Data provided -
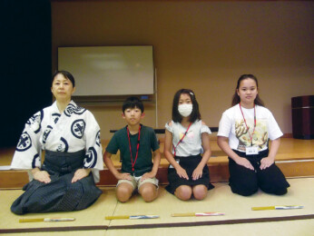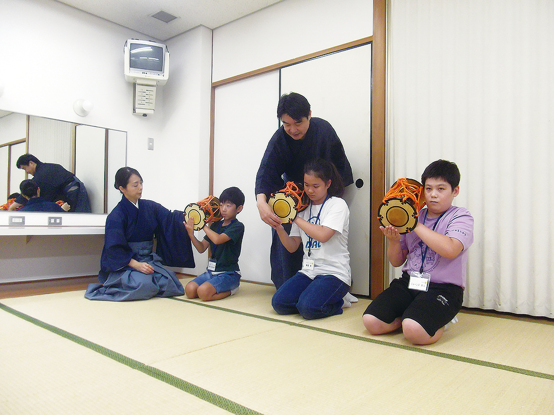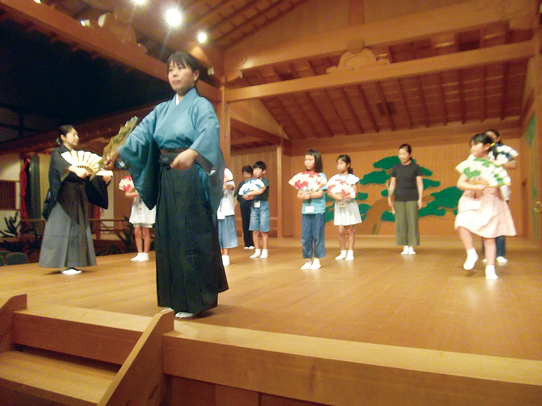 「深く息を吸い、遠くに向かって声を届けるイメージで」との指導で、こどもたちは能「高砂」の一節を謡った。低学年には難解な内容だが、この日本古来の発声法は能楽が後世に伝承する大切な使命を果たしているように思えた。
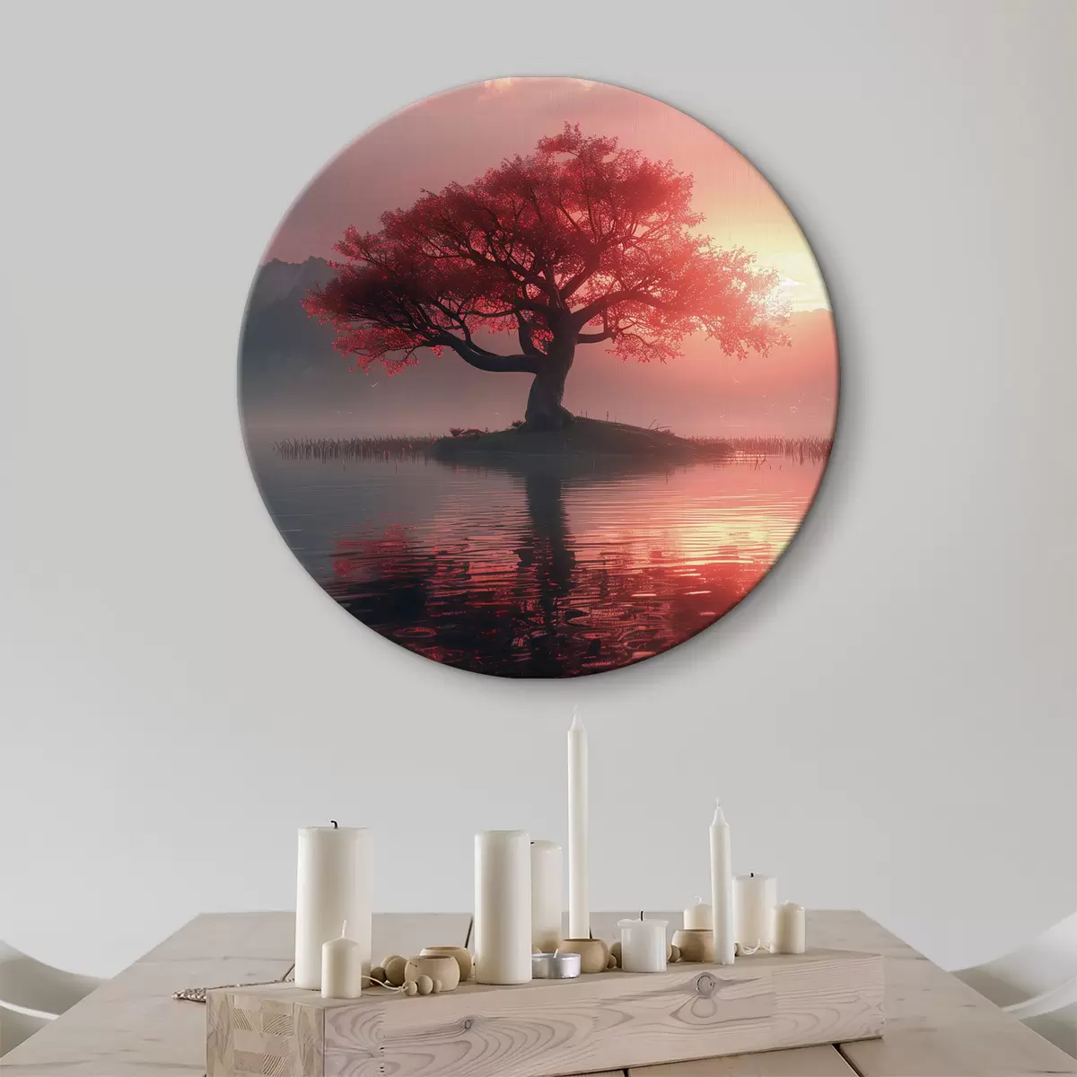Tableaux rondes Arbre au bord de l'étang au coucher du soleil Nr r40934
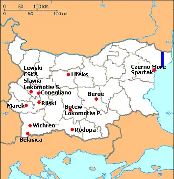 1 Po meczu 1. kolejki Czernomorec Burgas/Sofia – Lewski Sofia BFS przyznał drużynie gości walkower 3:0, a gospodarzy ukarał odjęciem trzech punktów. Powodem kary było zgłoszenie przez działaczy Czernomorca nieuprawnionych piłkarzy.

Required action - Your answer must be an exact copy of the listing, minus its pictures.

The answer -
 「深く息を吸い、遠くに向かって声を届けるイメージで」との指導で、こどもたちは能「高砂」の一節を謡った。低学年には難解な内容だが、この日本古来の発声法は能楽が後世に伝承する大切な使命を果たしているように思えた。
Tableaux rondes Arbre au bord de l'étang au coucher du soleil Nr r40934
 1 Po meczu 1. kolejki Czernomorec Burgas/Sofia – Lewski Sofia BFS przyznał drużynie gości walkower 3:0, a gospodarzy ukarał odjęciem trzech punktów. Powodem kary było zgłoszenie przez działaczy Czernomorca nieuprawnionych piłkarzy.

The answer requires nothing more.